> WHAT IS BEING ASKED: Reproduce only this range: the line holding "Durante a manhã, Beto" through the last line of the data below, both included, exactly, with no pictures.

> COLLECTED DATA:
· · ·

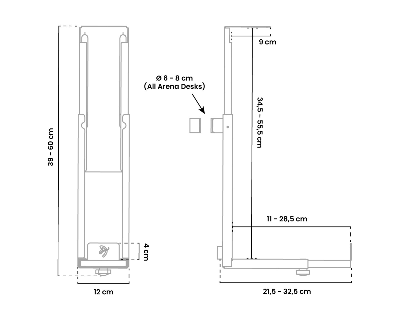 - Soveltuu korkeille ja säädettäville työpöydille
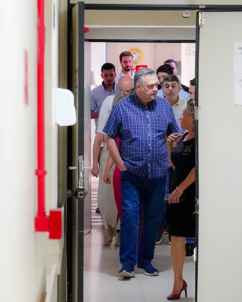 Durante a manhã, Beto Preto visitou o Hospital AssisteGuaíra, acompanhado do secretário municipal de Saúde, Fabiano Raddatz, e do prefeito de Guaíra, Gileade Osti. Na ocasião, conheceu a estrutura da unidade, os serviços prestados e dialogou com a equipe sobre o cenário da saúde no município.
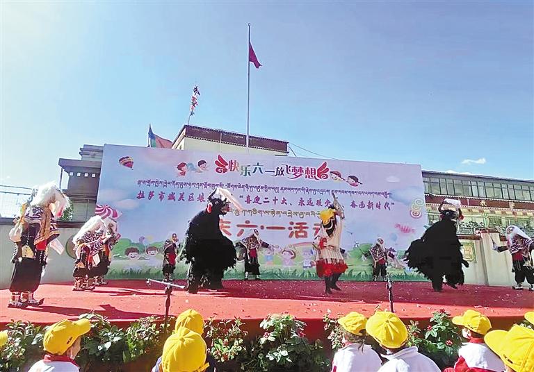 圖為藏戲興趣班的學生在慶“六一”活動中表演藏戲。

· · ·

> RESPONSE:
 Durante a manhã, Beto Preto visitou o Hospital AssisteGuaíra, acompanhado do secretário municipal de Saúde, Fabiano Raddatz, e do prefeito de Guaíra, Gileade Osti. Na ocasião, conheceu a estrutura da unidade, os serviços prestados e dialogou com a equipe sobre o cenário da saúde no município.
 圖為藏戲興趣班的學生在慶“六一”活動中表演藏戲。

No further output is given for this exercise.